Give again, word for word, each line below starting at the one that contains "Tamás Kaszás answers" and ending at the one that contains "6-room villa 150".
++++ Available data
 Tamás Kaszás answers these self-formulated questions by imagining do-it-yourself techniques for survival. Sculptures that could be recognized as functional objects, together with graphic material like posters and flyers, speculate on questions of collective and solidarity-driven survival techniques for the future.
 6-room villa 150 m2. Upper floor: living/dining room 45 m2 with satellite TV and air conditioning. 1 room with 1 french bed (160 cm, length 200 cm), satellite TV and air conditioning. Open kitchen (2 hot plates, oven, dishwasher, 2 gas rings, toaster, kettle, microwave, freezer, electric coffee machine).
++++++++
++++ Available data
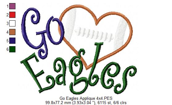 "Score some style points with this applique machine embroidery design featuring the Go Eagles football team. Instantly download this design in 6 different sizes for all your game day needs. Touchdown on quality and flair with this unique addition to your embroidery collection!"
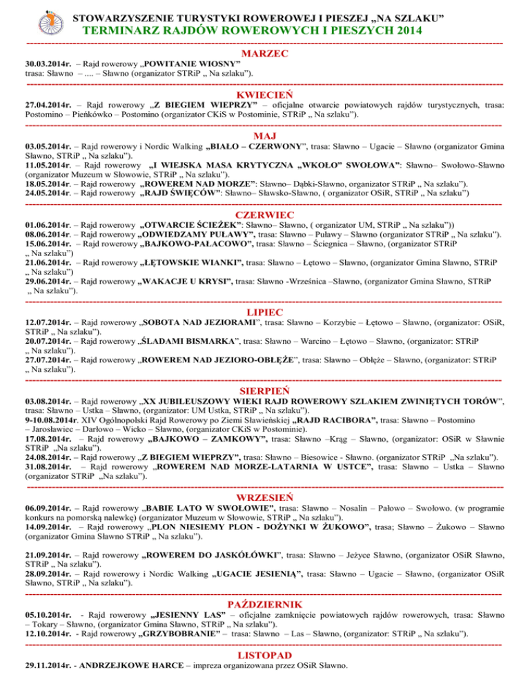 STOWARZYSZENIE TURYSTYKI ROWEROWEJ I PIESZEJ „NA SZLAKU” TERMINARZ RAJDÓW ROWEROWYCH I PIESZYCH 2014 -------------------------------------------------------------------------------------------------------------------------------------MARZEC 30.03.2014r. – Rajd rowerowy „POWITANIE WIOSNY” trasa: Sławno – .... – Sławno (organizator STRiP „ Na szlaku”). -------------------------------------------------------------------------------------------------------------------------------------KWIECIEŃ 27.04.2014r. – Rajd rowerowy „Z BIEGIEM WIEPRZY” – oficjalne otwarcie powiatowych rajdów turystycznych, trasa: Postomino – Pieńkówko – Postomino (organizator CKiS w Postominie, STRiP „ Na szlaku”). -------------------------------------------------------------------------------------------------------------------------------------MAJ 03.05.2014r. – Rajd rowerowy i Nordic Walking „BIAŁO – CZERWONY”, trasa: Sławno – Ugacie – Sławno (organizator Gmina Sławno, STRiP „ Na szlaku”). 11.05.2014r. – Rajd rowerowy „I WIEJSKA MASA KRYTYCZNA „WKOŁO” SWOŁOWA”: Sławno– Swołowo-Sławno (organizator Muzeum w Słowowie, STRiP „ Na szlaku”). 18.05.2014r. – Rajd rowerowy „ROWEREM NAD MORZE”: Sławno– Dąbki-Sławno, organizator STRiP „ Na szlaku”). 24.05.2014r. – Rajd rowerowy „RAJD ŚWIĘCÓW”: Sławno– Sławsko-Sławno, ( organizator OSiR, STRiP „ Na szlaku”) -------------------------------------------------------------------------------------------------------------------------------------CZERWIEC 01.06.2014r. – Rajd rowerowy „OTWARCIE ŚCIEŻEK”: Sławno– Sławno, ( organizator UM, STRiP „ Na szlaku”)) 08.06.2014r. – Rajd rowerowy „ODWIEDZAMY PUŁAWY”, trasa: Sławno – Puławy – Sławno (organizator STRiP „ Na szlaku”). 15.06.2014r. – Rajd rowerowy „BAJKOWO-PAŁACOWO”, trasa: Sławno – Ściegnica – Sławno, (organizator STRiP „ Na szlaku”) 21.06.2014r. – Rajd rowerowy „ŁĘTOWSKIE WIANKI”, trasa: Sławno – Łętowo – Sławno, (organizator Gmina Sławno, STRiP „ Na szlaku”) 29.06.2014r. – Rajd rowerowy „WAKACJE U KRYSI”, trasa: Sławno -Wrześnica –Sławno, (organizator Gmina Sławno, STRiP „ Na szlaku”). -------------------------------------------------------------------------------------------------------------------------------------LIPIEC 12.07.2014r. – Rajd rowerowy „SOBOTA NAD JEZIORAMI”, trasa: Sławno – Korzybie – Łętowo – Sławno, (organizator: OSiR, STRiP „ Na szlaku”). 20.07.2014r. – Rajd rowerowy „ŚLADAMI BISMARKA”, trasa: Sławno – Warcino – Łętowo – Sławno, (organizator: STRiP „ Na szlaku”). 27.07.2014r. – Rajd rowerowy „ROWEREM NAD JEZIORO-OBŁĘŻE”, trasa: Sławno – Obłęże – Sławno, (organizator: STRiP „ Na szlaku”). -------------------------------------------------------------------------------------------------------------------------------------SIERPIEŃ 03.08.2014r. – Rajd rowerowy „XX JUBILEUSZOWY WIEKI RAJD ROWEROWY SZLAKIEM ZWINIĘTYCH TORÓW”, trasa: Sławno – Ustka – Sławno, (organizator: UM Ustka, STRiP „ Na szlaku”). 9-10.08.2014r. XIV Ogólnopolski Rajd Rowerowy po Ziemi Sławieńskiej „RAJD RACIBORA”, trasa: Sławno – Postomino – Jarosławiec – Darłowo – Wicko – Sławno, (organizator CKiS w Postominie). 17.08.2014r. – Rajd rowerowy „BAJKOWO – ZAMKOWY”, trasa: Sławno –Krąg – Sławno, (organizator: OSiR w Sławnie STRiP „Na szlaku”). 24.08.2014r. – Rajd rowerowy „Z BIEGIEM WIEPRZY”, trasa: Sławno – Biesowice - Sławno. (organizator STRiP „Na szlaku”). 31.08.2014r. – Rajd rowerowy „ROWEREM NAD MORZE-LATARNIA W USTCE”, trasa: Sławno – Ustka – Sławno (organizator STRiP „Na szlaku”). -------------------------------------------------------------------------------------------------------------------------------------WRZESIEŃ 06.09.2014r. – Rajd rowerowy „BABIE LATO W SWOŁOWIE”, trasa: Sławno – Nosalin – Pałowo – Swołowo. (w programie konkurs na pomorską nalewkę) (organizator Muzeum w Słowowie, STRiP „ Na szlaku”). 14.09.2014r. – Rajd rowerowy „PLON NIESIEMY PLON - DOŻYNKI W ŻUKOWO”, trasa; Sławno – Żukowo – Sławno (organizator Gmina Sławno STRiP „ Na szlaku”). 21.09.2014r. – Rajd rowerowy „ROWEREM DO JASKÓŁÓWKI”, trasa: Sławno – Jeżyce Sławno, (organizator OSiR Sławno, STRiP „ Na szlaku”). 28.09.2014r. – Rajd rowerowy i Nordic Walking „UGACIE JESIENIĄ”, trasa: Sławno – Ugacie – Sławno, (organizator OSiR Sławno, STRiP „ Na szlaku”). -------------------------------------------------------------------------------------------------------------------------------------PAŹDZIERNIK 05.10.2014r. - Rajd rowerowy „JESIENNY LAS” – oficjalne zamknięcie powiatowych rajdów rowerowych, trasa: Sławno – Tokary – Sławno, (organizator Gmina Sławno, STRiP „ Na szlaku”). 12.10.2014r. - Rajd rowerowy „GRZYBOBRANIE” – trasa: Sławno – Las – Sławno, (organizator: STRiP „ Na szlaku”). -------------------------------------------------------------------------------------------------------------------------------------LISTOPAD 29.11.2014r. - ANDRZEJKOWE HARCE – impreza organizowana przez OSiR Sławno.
++++++++
Result of this exercise
 Tamás Kaszás answers these self-formulated questions by imagining do-it-yourself techniques for survival. Sculptures that could be recognized as functional objects, together with graphic material like posters and flyers, speculate on questions of collective and solidarity-driven survival techniques for the future.
 6-room villa 150 m2. Upper floor: living/dining room 45 m2 with satellite TV and air conditioning. 1 room with 1 french bed (160 cm, length 200 cm), satellite TV and air conditioning. Open kitchen (2 hot plates, oven, dishwasher, 2 gas rings, toaster, kettle, microwave, freezer, electric coffee machine).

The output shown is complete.